To compare the developed thermoelectric refrigeration system with commercially available refrigeration technology, a vapour compression refrigerator (Godrej and Boyce Mfg Co Ltd., Mumbai, India) of 150-L capacity, operated using isobutene refrigerant and powered by 230 V power, was used in the present study.

2.3. Storage Stability and Quality of Fruits and Vegetables

The performance of the developed mobile thermoelectric refrigeration system was evaluated based on the storage stability of fruits and vegetables. The freshly harvested summer fruits and vegetables (mango, papaya, bitter gourd, okra) were procured from the Punjab Agricultural University farm. A 3-kg sample of each crop was stored at thermoelectric refrigeration (temp 15–18 °C and RH 80–90%), vapour compression refrigeration (temp 6–8 °C and RH 80–90%), and ambient atmospheric (temp 35–40 °C and RH 40–50%) storage conditions, respectively. Every day, five crops from each storage condition were selected randomly for quality analysis. The storage stability of the commodities stored in the developed refrigeration system was compared with the vapour compression refrigeration system and under ambient environmental conditions. The system was evaluated based on physiological loss in weight, texture, colour, and physical appearance of the commodity stored in the system. The texture and colour of each crop were measured at three different locations. The changes in the quality parameters of stored fruits and vegetables were evaluated daily. The procedure followed for the evaluation of quality parameters is explained next.

2.3.1. Physiological Loss in Weight (PLW)

Physiological loss in weight is the reduction in weight of a commodity due to physicochemical reactions taking place in food over a period of time. The physiological loss in weight was determined as per the method described by [26].

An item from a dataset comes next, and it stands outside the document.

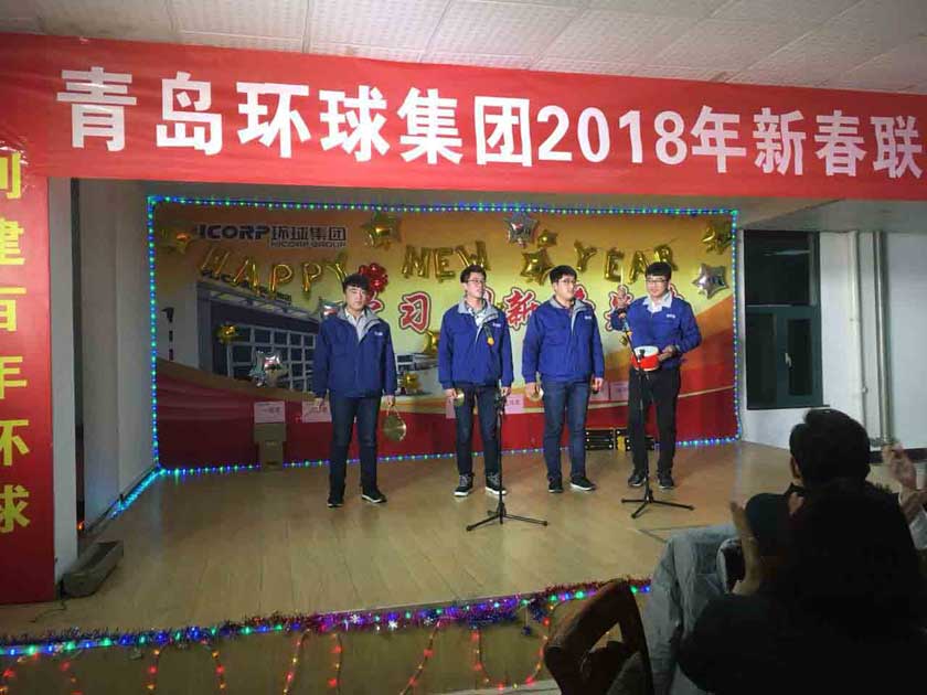 在晚會中集團團委的年輕人帶來了多個節目,既有青春洋溢、喜慶歡快的舞蹈《開門紅》,又有說學逗唱、生動活潑的單口相聲《開張大吉》,還有歡快動感、激情滿懷的歌曲《恭喜發財》、《向天再借五百年》。來自紡機公司技術團隊自編、自導、自演的三句半《擰成一股繩,啟程新時代》,訴說了環球人身邊事,接地氣、話家常、很溫暖、振人心,細數了2017年度集團各行各業的收獲,暢談了2018年對美好未來的期待與展望,引起大家共鳴,贏得了陣陣掌聲。

$$\mathrm{Physiological} \mathrm{loss} \mathrm{in} \mathrm{weight} \mathrm{(PLW)} = \frac{{\mathrm{W}}_1-{\mathrm{W}}_2}{{\mathrm{W}}_1} \times 100$$

where

W₁—Weight of sample on 0th day;

W₂—Weight of sample on nth day.

2.3.2. Determination of Firmness

Firmness is one of the parameters of texture analysis that measures the force required to penetrate a stainless-steel probe inside the food crop and is measured in Newton force (N). The firmness of okra and bitter gourd was measured with the help of a texture analyzer machine (Make: Instron, TA-HDi). The compression test was performed using a 2-mm stainless-steel probe [27]. The machine operating parameters selected for this test were:

Contact force—100 g	Pre-test speed—1.0 mm/s
Test speed—2.0 mm/s	Compression distance—10.0 mm
Post-test speed—10.0 mm/s	Return speed—5 mm/s
Return distance—20 mm

2.3.3. Measurement of Colour Attributes

The colour attributes of the crop i.e., ‘L’, ‘a’ and ‘b’, were recorded using a colour reader instrument, CR-10 (Konick Minolta Sensing Inc. Japan), on the surface of the crop at three different locations. The total change in colour (∆E) attributes over the period of storage time was calculated by the following equation [26]:

$$\Delta E=\sqrt{{\left(L_0-L_t\right)}^2+{\left(a_0-a_t\right)}^2+{\left(b_0-b_t\right)}^2}$$

where L₀, a₀, b₀ are the initial colour measurements of the 0th day, and L_t, a_t, b_t are the colour measurements at a pre-specified time.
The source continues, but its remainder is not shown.